I'd like to see a math/logic bench appear for tokenization schemes that captures this. BPB/perplexity is fine, but its not everything.
I'd like to see a math/logic bench appear for tokenization schemes that captures this. BPB/perplexity is fine, but its not everything.
https://arxiv.org/abs/2402.14903
You right to left tokenize in groups of 3, so 1234567 becomes 1 234 567 rather than the default 123 456 7. And if you ensure all 1-3 digits groups are in the vocab, it does much better.
Both https://arxiv.org/abs/2503.13423 and https://arxiv.org/abs/2504.00178 (co-author) both independently noted that you can do this with just by modifying the pre-tokenization regex, without having to explicitly add commas.
DAG architectures fundamentally cannot be AGI and you cannot even use them as a building block for a hypothetical AGI if they're immutable at runtime.

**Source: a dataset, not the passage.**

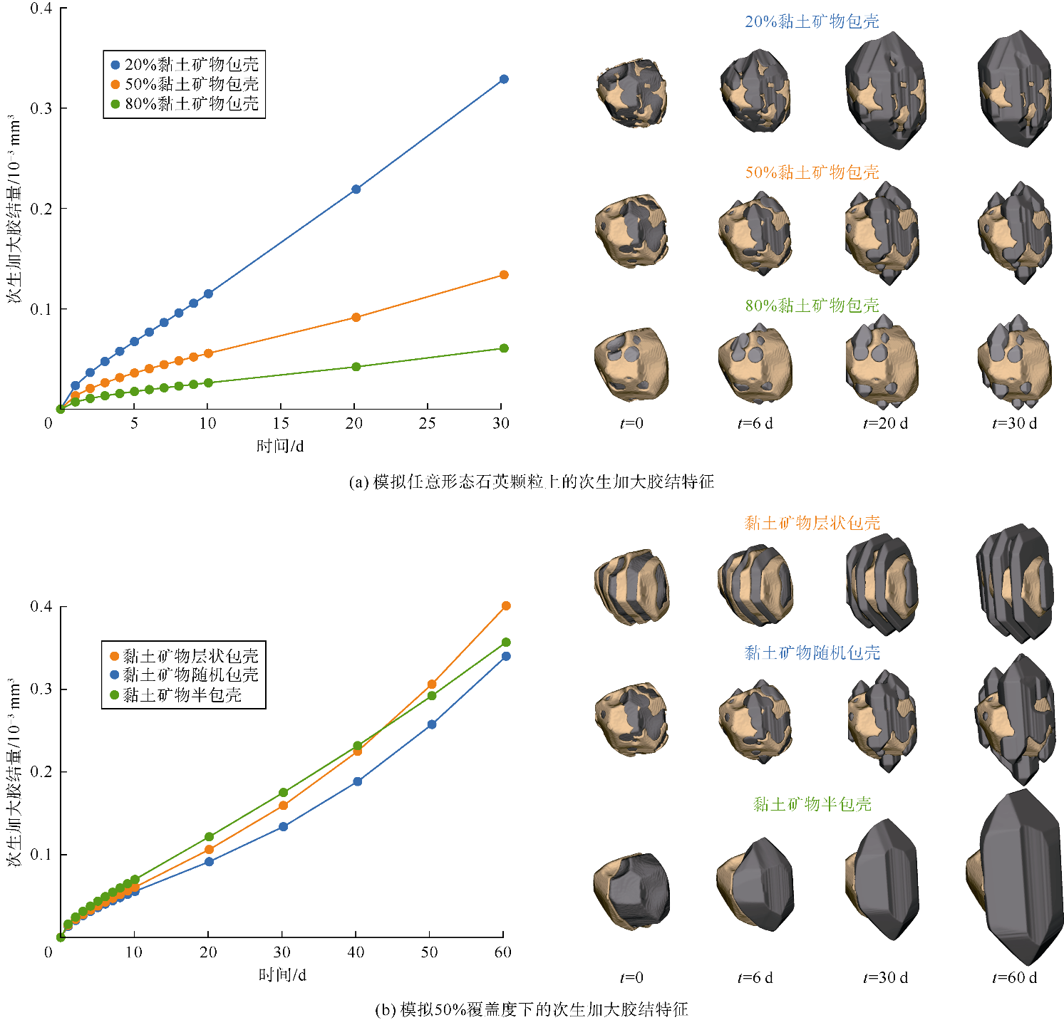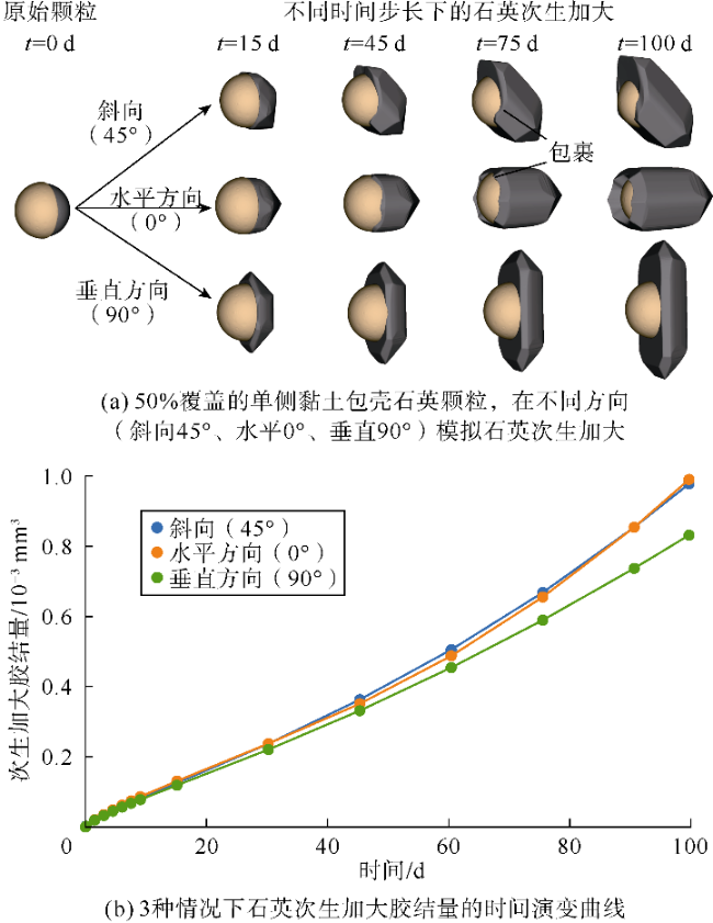 图10b是胶结量和孔隙度随时间的变化曲线,可以看出在包壳覆盖率较低的砂岩中,由于胶结物生长的表面积较大,孔隙度降低得更快。这一点从

Any time I hear the goal being "AGI" in the context of these LLMs, I feel like listening to a bunch of 18th-century aristocrats trying to get to the moon by growing trees.
Try to create useful approximations using what you have or look for new approaches, but don't waste time on the impossible. There's no iterative improvements here that will get you to AGI.
It feels more interesting to note that this time, it is different. I've been watching the field since the 90s when I first dabbled in crude neural nets. I am informed there was hype before, but in my time I've never seen progress like we've made in the last five years. If you showed it to people from the 90s, it would be mind blowing. And it keeps improving incrementally, and I do not think that is going to stop. The state of AI today is the worst it will ever be (trivially obvious but still capable of shocking me).
What I'm trying to say is that the shocking success of LLMs has become a powerful engine of progress, creating a positive feedback loop that is dramatically increasing investment, attracting top talent, and sharpening the focus of research into the next frontiers of artificial intelligence.
90's? It's mind blowing to me now.
My daily driver laptop is (internally) a Thinkpad T480, a very middle of the road business class laptop from 2018.
It now talks to me. Usually knowledgeably, in a variety of common languages, using software I can download and run for free. It understands human relationships and motivations. It can offer reasonably advice and write simple programs from a description. It notices my tone and tries to adapt its manner.
All of this was inconceivable when I bought the laptop - I would have called it very unrealistic sci-fi. I am trying not to forget that.